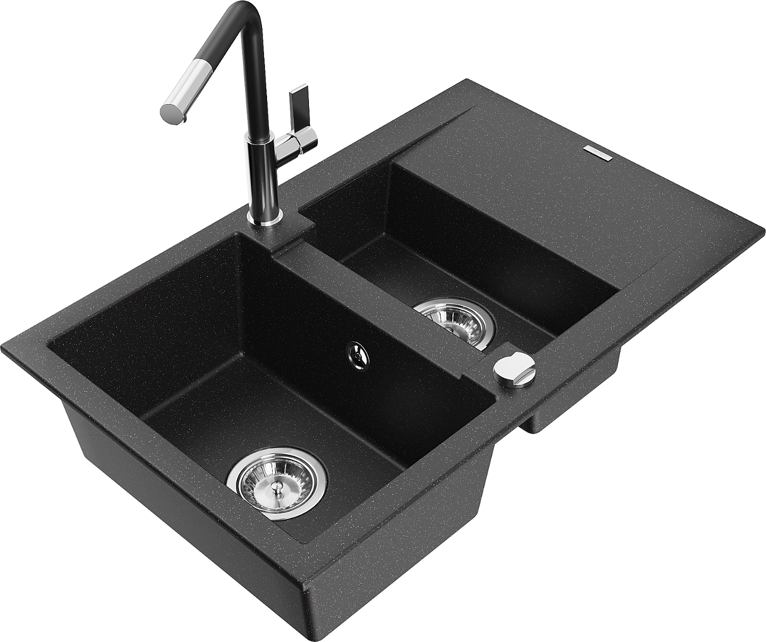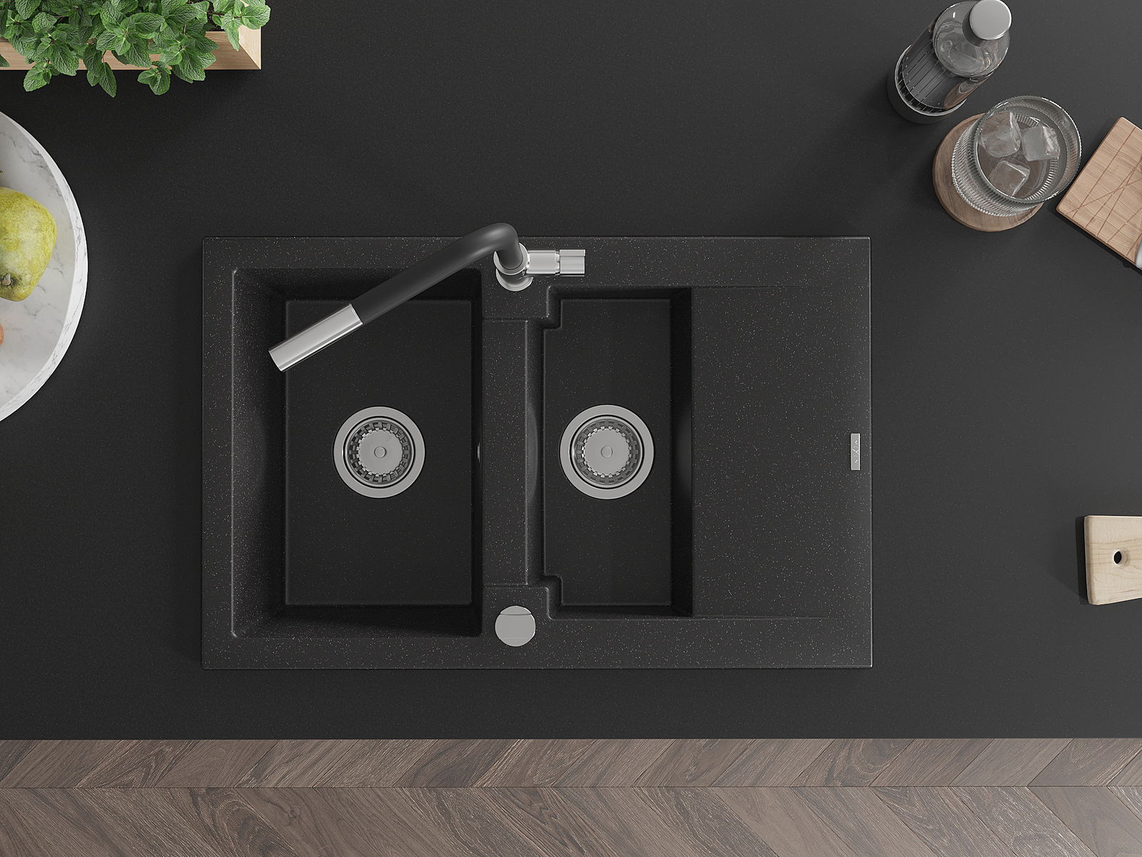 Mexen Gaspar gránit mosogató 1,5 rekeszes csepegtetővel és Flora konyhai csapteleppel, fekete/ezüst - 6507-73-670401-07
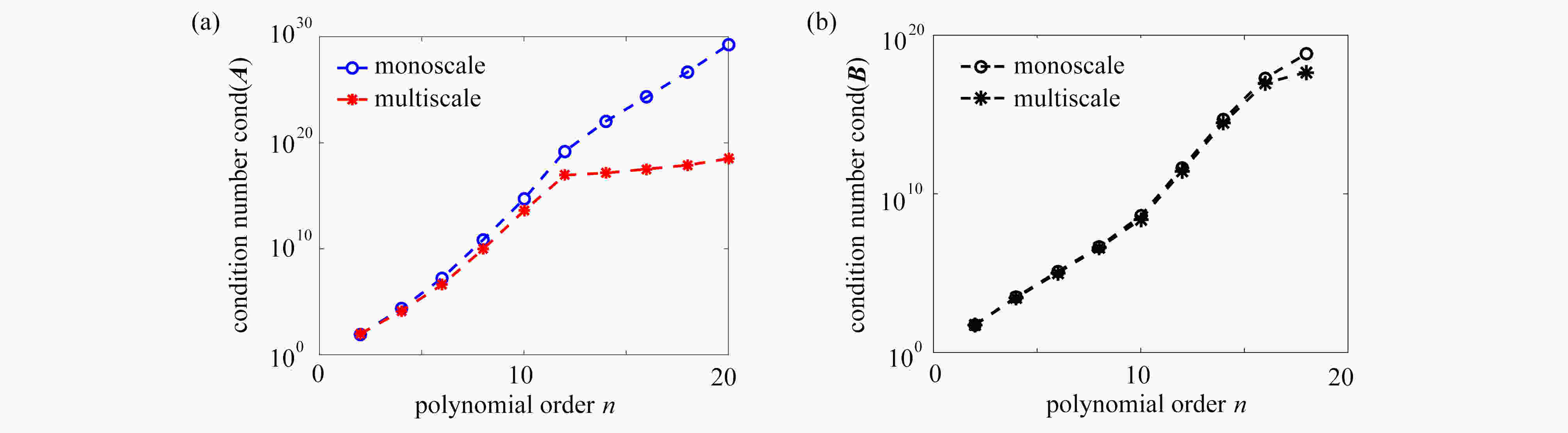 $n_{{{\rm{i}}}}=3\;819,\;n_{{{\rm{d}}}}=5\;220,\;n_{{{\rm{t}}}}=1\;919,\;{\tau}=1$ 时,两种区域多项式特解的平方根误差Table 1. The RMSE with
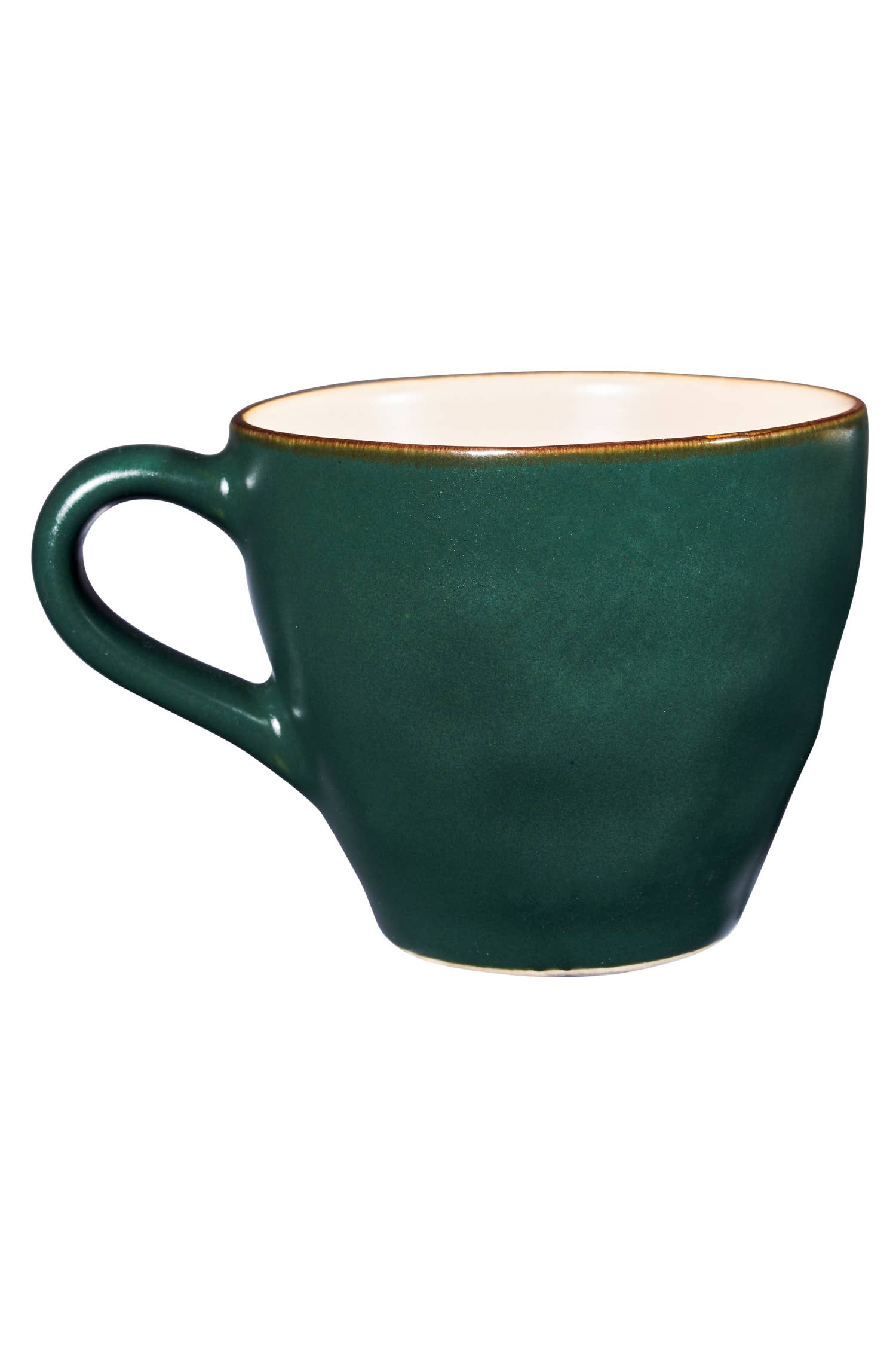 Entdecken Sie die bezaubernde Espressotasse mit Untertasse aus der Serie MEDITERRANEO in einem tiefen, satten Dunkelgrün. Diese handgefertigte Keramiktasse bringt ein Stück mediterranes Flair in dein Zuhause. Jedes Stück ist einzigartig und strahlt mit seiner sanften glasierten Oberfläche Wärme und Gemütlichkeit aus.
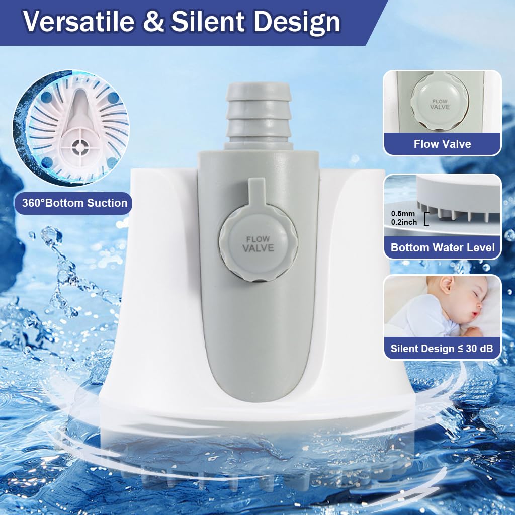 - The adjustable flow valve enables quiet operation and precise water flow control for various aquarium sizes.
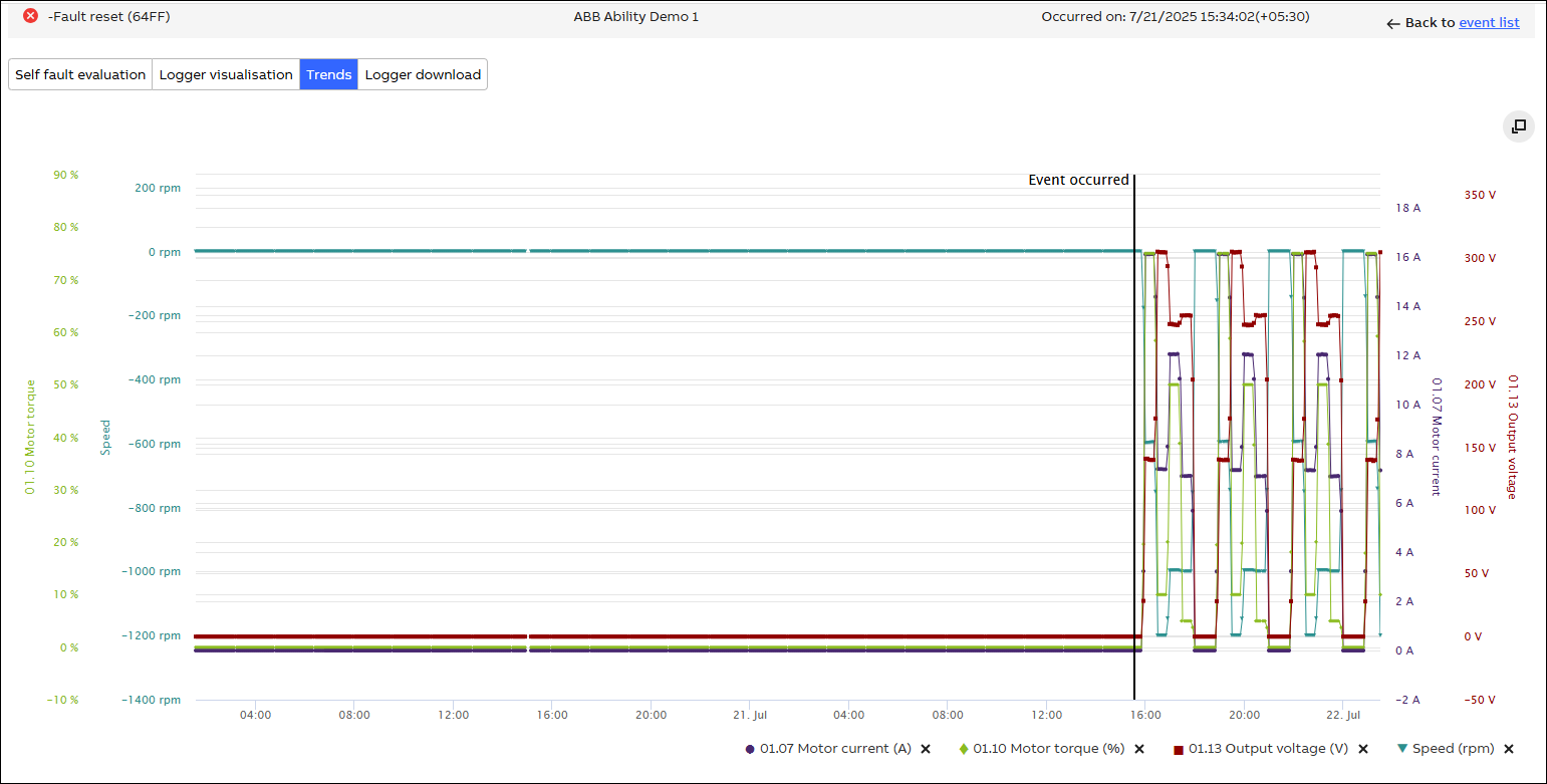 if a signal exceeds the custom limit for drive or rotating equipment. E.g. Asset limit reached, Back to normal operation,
######
* Exercise prompt *
Pictures excluded, repeat exactly the lines from the top of the material through the line with "The RMSE with", including both of those lines.

* Answer for the task *
 Mexen Gaspar gránit mosogató 1,5 rekeszes csepegtetővel és Flora konyhai csapteleppel, fekete/ezüst - 6507-73-670401-07
 $n_{{{\rm{i}}}}=3\;819,\;n_{{{\rm{d}}}}=5\;220,\;n_{{{\rm{t}}}}=1\;919,\;{\tau}=1$ 时,两种区域多项式特解的平方根误差Table 1. The RMSE with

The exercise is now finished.